Hôtel de ville de Thunder Bay

Face à l'Hôtel de ville

L’hôtel de ville de l'ancienne ville de Fort William est devenu l’Hôtel de ville de Thunder Bay au moment de la création de la nouvelle ville, issue de municipalités fusionnées, en 1970.

Deux plaques sont installées face à l’Hôtel de Ville de Thunder Bay. Elles commémorent respectivement le Fort Kaministiquia et le rôle historique de William McGillivray.

Fort Kaministiquia

Zacharie Robutel de la Nouë, un officier français, a fait construire un petit fort près d’ici en 1717. Celui-ci allait être le premier d’une série lieux servant de bases à destination de ce qu'on appelait la mer de l’Ouest. Seule une petite structure construite en 1679 par Daniel Greysolon, sieur du Lhut, existait auparavant sur un autre embranchement du delta de la rivière Kaministiquia.

De 1727 à 1743, le célèbre explorateur Pierre Gaultier de La Vérendrye s’est servi de ce premier fort comme poste d’échange. C'était le camp base de ses opérations. Après la conquête de la Nouvelle-France en 1760, l'endroit a été abandonné.

Un peu plus tard, le fort Kaministiquia est construit non loin, en aval, par la Compagnie du Nord-Ouest. C'est celui-ci qui sera rebaptisé Fort William en 1807. Il esrt situé au cœur de la ville à l'époque.

William McGillivray (1764-1825)

En 1784, William McGillivray vient rejoindre son oncle à Montréal et commence son apprentissage du métier de trafiquant de fourrures pour le compte de la Compagnie du Nord-Ouest (CNO). L'année suivante, il se rend dans les régions de traite du Nord-Ouest en qualité de commis.

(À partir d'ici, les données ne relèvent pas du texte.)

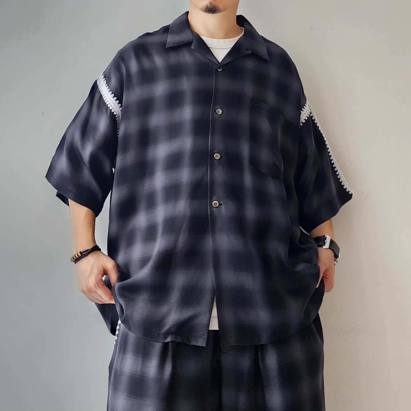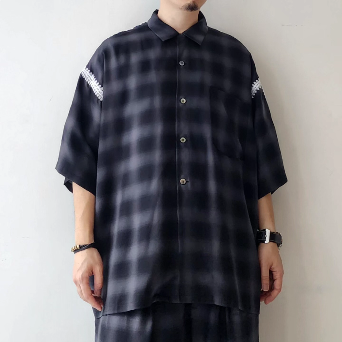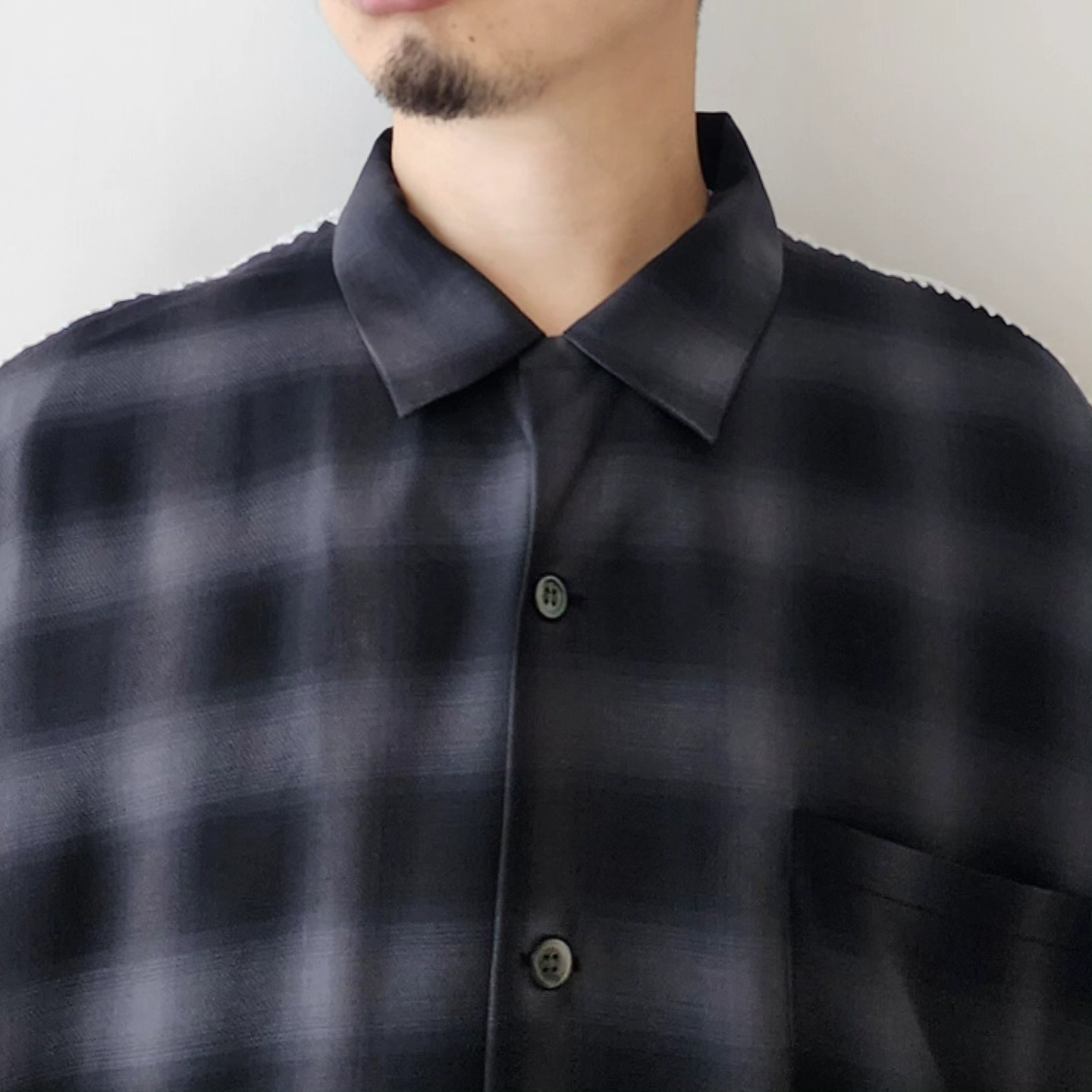 -Amundsen ombre check with beautiful supple drape. It is characterized by the fine unevenness of the tissue and the smooth feel of the cupra. An item with a moderately roomy silhouette and clam embroidery on the seams.

Il devient actionnaire de la CNO en 1790. Il est aussi responsable de département pour la compagnie. Il en devient son directeur principal en 1804. Le siège des terres désertiques de la compagnie, Fort Kaministiquia, a été renommé Fort William en son honneur.

Un fort renommé William

Le fort Kaministiquia  incluait une quarantaine d’édifices bâtis sur 25 acres de terrain.  Pendant une assemblée tenue à l’été 1807, des membres ont voté pour que ce lieu porte plutôt le nom Fort William  en l’honneur de William McGillivray.

L'utilité de fort William

William McGillivray avait succédé à son oncle défunt, Simon McTavish, à la tête de la Compagnie du Nord-Ouest. Cette compagnie a continué d’exercer ses activités commerciales au Fort William jusqu’en 1821 lorsqu’elle s’est fusionnée avec la Compagnie de la Baie d’Hudson. Tous les édifices de cette compagnie font partie de l'actuel site historique reconstruit de Fort William.

En plus d’être un entrepôt et un lieu de rencontre pour les canoës en provenance du nord-ouest et de Montréal, le fort accueillait les partenaires de la Compagnie du Nord-Ouest qui y tenait ses assemblées annuelles.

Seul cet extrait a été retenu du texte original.